* [Work to complete]: Although pictures appear in the entries below, leave them out and print exactly the lines from the first line through the line containing "Allover Floral Lace".
#### Records for the exercise
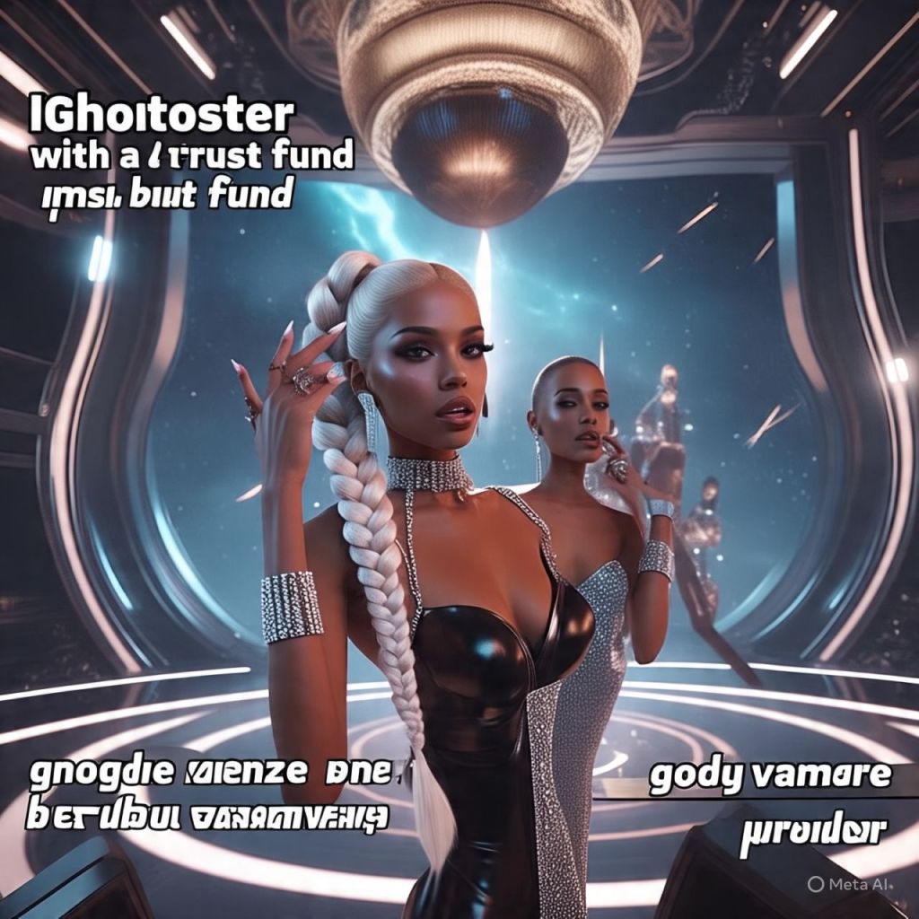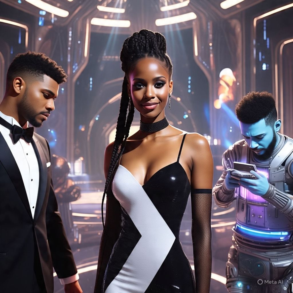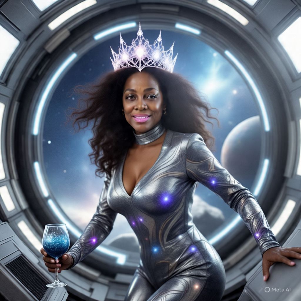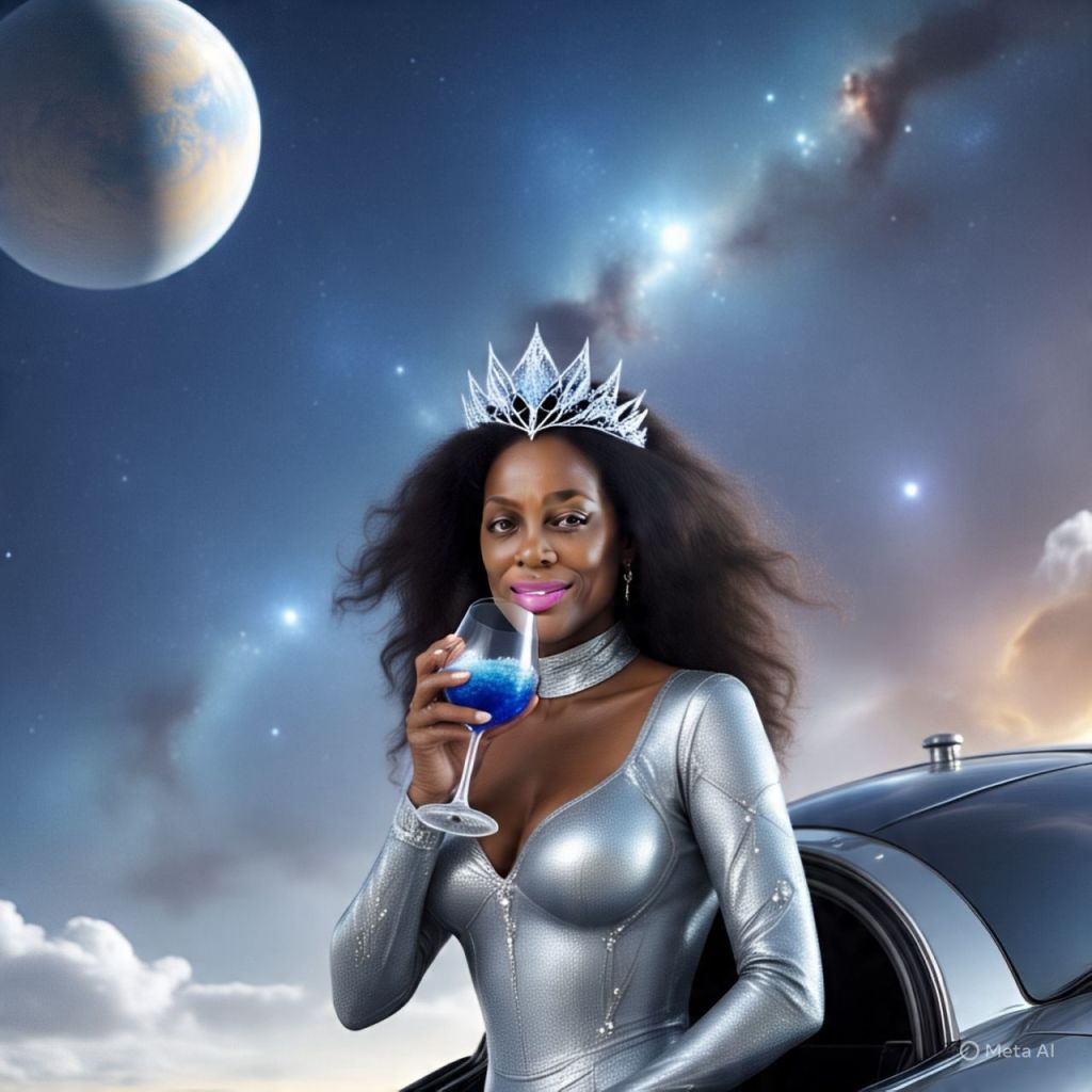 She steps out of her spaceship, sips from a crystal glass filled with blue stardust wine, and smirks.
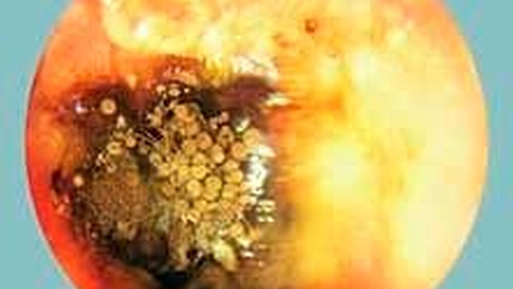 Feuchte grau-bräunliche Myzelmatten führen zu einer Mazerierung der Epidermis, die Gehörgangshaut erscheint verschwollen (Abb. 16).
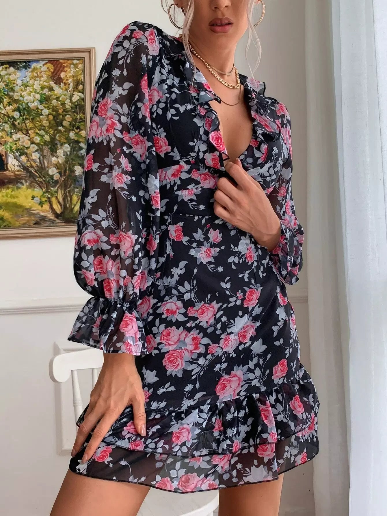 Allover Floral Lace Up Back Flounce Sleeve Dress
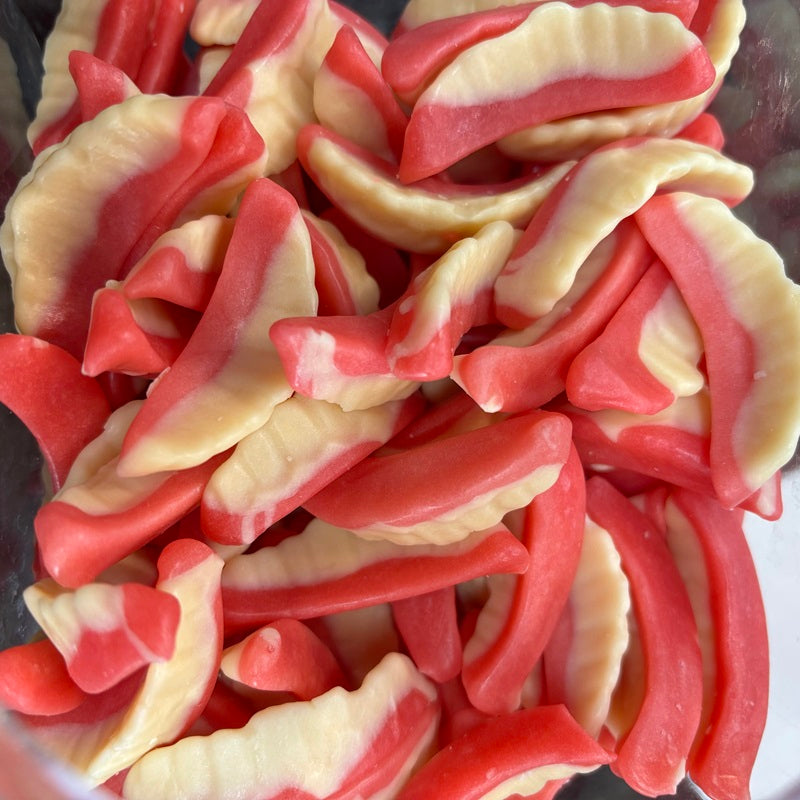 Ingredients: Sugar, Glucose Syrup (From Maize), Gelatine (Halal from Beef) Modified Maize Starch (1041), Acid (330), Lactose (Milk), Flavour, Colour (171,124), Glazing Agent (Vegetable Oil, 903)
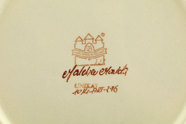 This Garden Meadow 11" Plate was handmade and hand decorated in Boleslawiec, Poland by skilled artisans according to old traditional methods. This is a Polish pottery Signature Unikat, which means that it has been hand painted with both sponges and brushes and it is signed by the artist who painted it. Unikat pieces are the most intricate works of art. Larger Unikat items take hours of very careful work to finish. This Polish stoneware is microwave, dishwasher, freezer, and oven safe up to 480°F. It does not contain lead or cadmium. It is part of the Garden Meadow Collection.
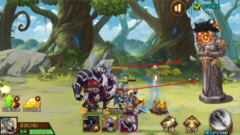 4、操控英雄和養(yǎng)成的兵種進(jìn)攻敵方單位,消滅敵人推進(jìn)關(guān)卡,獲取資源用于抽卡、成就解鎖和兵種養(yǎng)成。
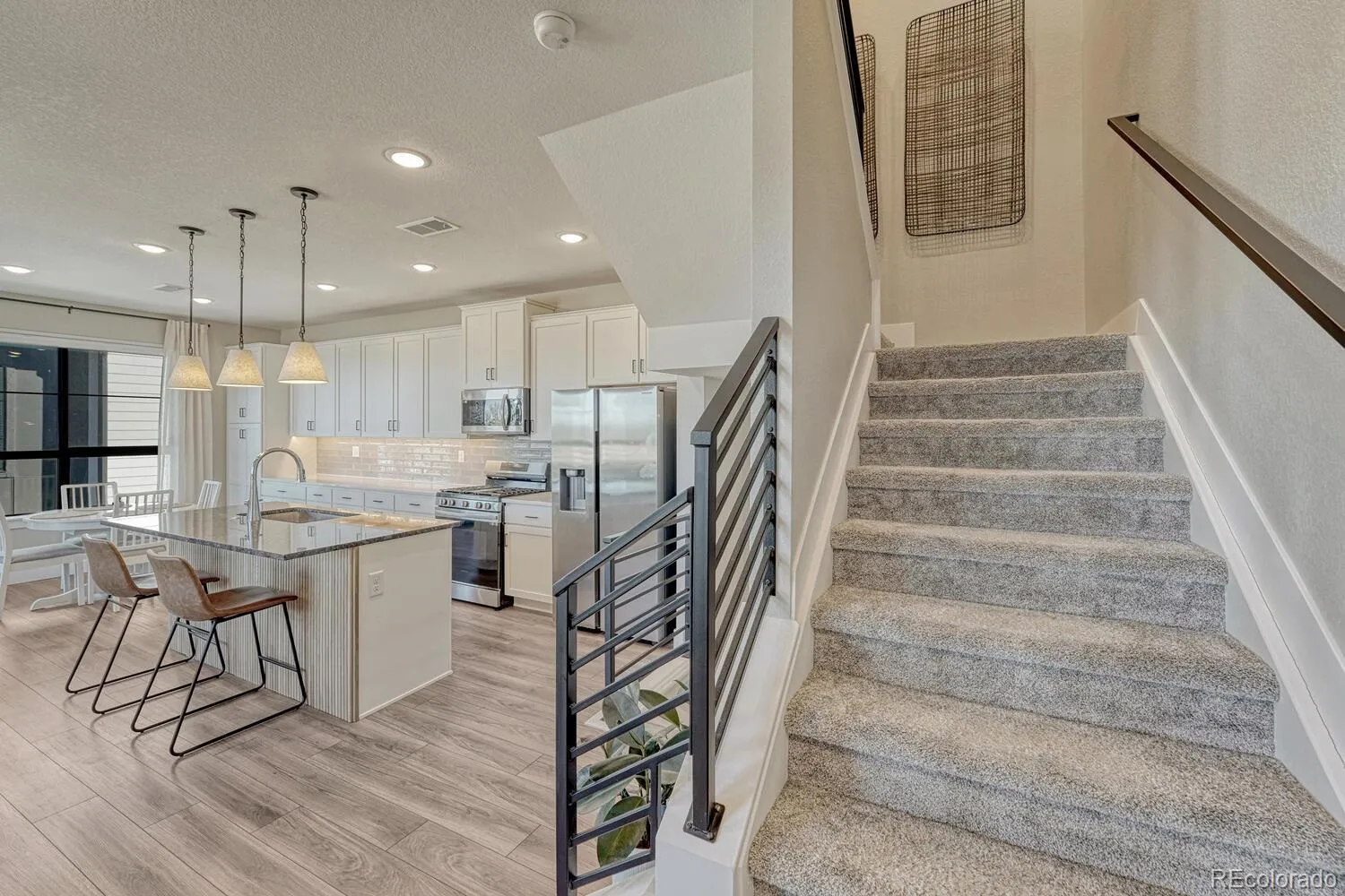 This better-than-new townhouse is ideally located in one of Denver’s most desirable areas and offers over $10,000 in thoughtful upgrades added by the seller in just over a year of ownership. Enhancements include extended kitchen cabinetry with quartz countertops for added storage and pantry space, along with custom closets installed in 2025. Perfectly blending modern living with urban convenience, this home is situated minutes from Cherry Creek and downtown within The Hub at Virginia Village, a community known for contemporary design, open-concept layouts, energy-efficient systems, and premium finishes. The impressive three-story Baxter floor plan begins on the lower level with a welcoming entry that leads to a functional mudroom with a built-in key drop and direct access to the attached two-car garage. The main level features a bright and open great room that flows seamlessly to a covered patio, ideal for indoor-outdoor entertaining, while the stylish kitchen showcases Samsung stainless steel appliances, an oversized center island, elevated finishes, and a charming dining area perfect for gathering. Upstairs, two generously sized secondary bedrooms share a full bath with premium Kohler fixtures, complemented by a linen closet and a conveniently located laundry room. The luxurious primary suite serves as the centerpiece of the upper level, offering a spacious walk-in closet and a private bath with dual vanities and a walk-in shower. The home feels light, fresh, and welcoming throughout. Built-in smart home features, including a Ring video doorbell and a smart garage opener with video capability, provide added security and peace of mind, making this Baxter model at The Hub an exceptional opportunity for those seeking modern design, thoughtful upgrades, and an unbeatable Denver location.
########
* [Result for this task]:
 She steps out of her spaceship, sips from a crystal glass filled with blue stardust wine, and smirks.
 Feuchte grau-bräunliche Myzelmatten führen zu einer Mazerierung der Epidermis, die Gehörgangshaut erscheint verschwollen (Abb. 16).
 Allover Floral Lace Up Back Flounce Sleeve Dress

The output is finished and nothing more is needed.